What you need to do:
Could you transcribe the records below exactly, leaving out every picture?

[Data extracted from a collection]
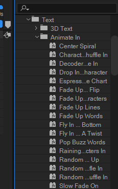텍스트 -> 애니메이트 인을 눌러주면 아래와 같이 효과들이 뜬다
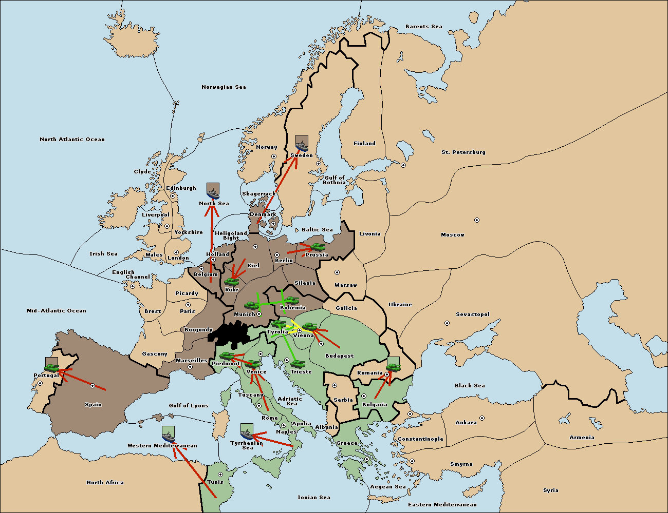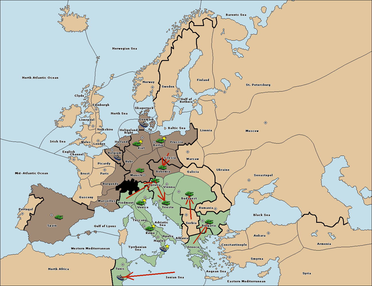 The fleet at Tyrrhenian Sea move to Gulf of Lyons.
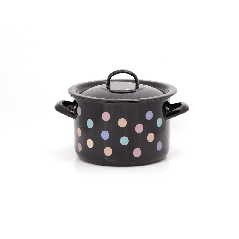 Garnek emaliowany 18 cm 3 l z pokrywką, czarny, Pastel Dots
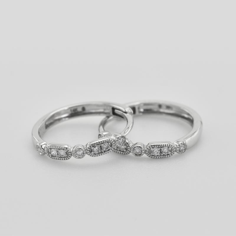 • in den Reif sind jeweils sieben weiße Diamanten in runden oder ovalen Lünetten gefasst
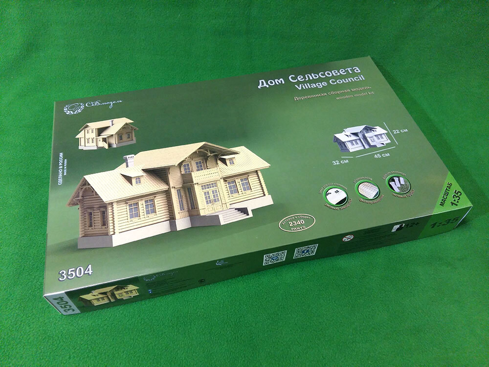 3504 СВ Модель Деревянная сборная модель Дом Сельсовета в масштабе 1/35Такие строения часто можно было увидеть в 20-х - 50-х годах прошлого века в крупных селах и небольших городах, а возможно, некоторые сохранились и до наших дней. Как правило, такие зда
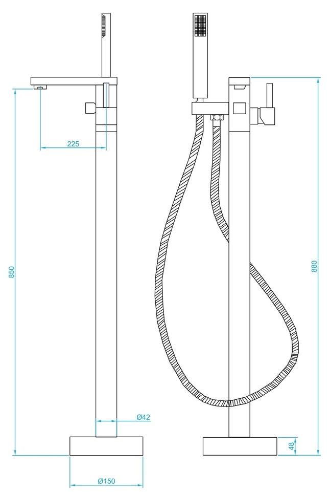 Ощутите всю роскошь стиля с напольным смесителем! Возможность установить смеситель в любую точку рядом с ванной позволит воплотить в жизнь любую планировку и сохранит целостность стен.Этот комплект мы разработали «под ключ» - в нем есть всё: стойка, смеситель и ручной душ.Длинный шланг 1.5 м, очень мягкий и гибкий, подарит ощущение свободы пользователю даже самого высокого роста, а насыщенная воздушными пузырьками вода, благодаря встроенному аэратору, позволит получить больший охват даже при компактном размере лейки.Кроме того, аккуратное рассеивание воды исключает возможность разбрызгивания, что важно, когда у вас отдельно стоящая дизайнерская ванна.
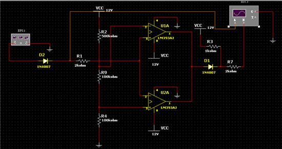 按理说应该是输出正方波,而我仿真的输出波形却输出的都是高电平。求指教
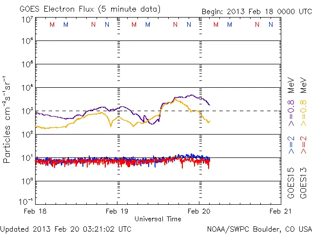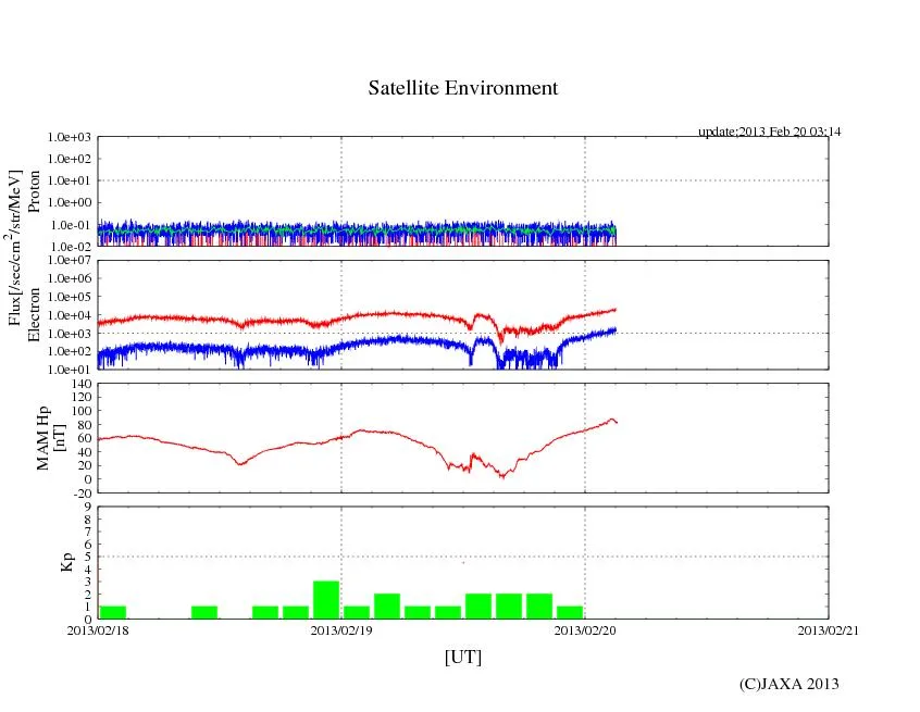 02/19 07時(UT)くらいに>=0.8MeVのラインに上向きな反応が少し出ていますが、極端な反応や乱れは出ていません。
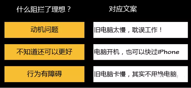 如果我們發現了一個人不想提高理想,只想安于現狀的原因,自然就有辦法通過文案來刺激TA的理想。
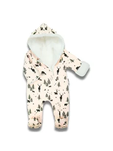 Wyprodukowano w Polsce Pajac ocieplany wykonany z zewnątrz z drukowanej bawełny dresowej. Wzór leśny przedstawiający zwierzęta: niedźwiedź, jeleń, sarna, pta...
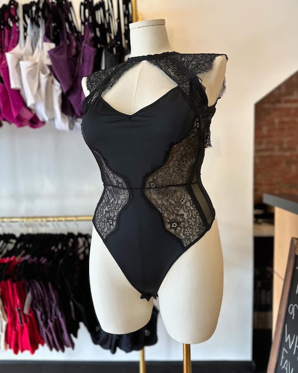 The entire range of sizes has been selling consistently, she says. The boutique carries bra bands in sizes 28-54 and cups A-O. Bras from the brand Harper Wilde have been flying off the shelves, along with lingerie from Oh La La Cheri and Thistle and Spire, which comes in sizes XS-3X. Cheeky also carries a selection of slips, robes, stockings, and underwear, bathing suits in the warmer months, and sex toys displayed in an alcove toward the rear of the boutique.
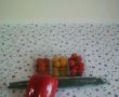 Rosiile cherry le taiem in doua, castravetele in felii subtiri, ardeiul gras il taiem in bucati mici. Amestecam toate legumele, adaugam putin sos de soia si o lingura de ulei de susan. Mozzarella o rupem in bucati mici si o amestecam cu legumele.
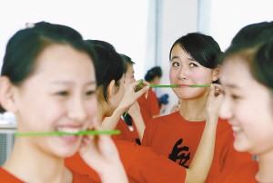 于是,姑娘們每天對(duì)著鏡子練微笑。老師要求每個(gè)人在練習(xí)笑容時(shí),嘴里都要咬著一根筷子找感覺。這樣一笑就得幾十分鐘,笑得連臉部肌肉都麻了,有時(shí)甚至?xí)テ谱臁?/p>

Response to this task:
텍스트 -> 애니메이트 인을 눌러주면 아래와 같이 효과들이 뜬다
 The fleet at Tyrrhenian Sea move to Gulf of Lyons.
 Garnek emaliowany 18 cm 3 l z pokrywką, czarny, Pastel Dots
 • in den Reif sind jeweils sieben weiße Diamanten in runden oder ovalen Lünetten gefasst
 3504 СВ Модель Деревянная сборная модель Дом Сельсовета в масштабе 1/35Такие строения часто можно было увидеть в 20-х - 50-х годах прошлого века в крупных селах и небольших городах, а возможно, некоторые сохранились и до наших дней. Как правило, такие зда
 Ощутите всю роскошь стиля с напольным смесителем! Возможность установить смеситель в любую точку рядом с ванной позволит воплотить в жизнь любую планировку и сохранит целостность стен.Этот комплект мы разработали «под ключ» - в нем есть всё: стойка, смеситель и ручной душ.Длинный шланг 1.5 м, очень мягкий и гибкий, подарит ощущение свободы пользователю даже самого высокого роста, а насыщенная воздушными пузырьками вода, благодаря встроенному аэратору, позволит получить больший охват даже при компактном размере лейки.Кроме того, аккуратное рассеивание воды исключает возможность разбрызгивания, что важно, когда у вас отдельно стоящая дизайнерская ванна.
 按理说应该是输出正方波,而我仿真的输出波形却输出的都是高电平。求指教
 02/19 07時(UT)くらいに>=0.8MeVのラインに上向きな反応が少し出ていますが、極端な反応や乱れは出ていません。
 如果我們發現了一個人不想提高理想,只想安于現狀的原因,自然就有辦法通過文案來刺激TA的理想。
 Wyprodukowano w Polsce Pajac ocieplany wykonany z zewnątrz z drukowanej bawełny dresowej. Wzór leśny przedstawiający zwierzęta: niedźwiedź, jeleń, sarna, pta...
 The entire range of sizes has been selling consistently, she says. The boutique carries bra bands in sizes 28-54 and cups A-O. Bras from the brand Harper Wilde have been flying off the shelves, along with lingerie from Oh La La Cheri and Thistle and Spire, which comes in sizes XS-3X. Cheeky also carries a selection of slips, robes, stockings, and underwear, bathing suits in the warmer months, and sex toys displayed in an alcove toward the rear of the boutique.
 Rosiile cherry le taiem in doua, castravetele in felii subtiri, ardeiul gras il taiem in bucati mici. Amestecam toate legumele, adaugam putin sos de soia si o lingura de ulei de susan. Mozzarella o rupem in bucati mici si o amestecam cu legumele.
 于是,姑娘們每天對(duì)著鏡子練微笑。老師要求每個(gè)人在練習(xí)笑容時(shí),嘴里都要咬著一根筷子找感覺。這樣一笑就得幾十分鐘,笑得連臉部肌肉都麻了,有時(shí)甚至?xí)テ谱臁?/p>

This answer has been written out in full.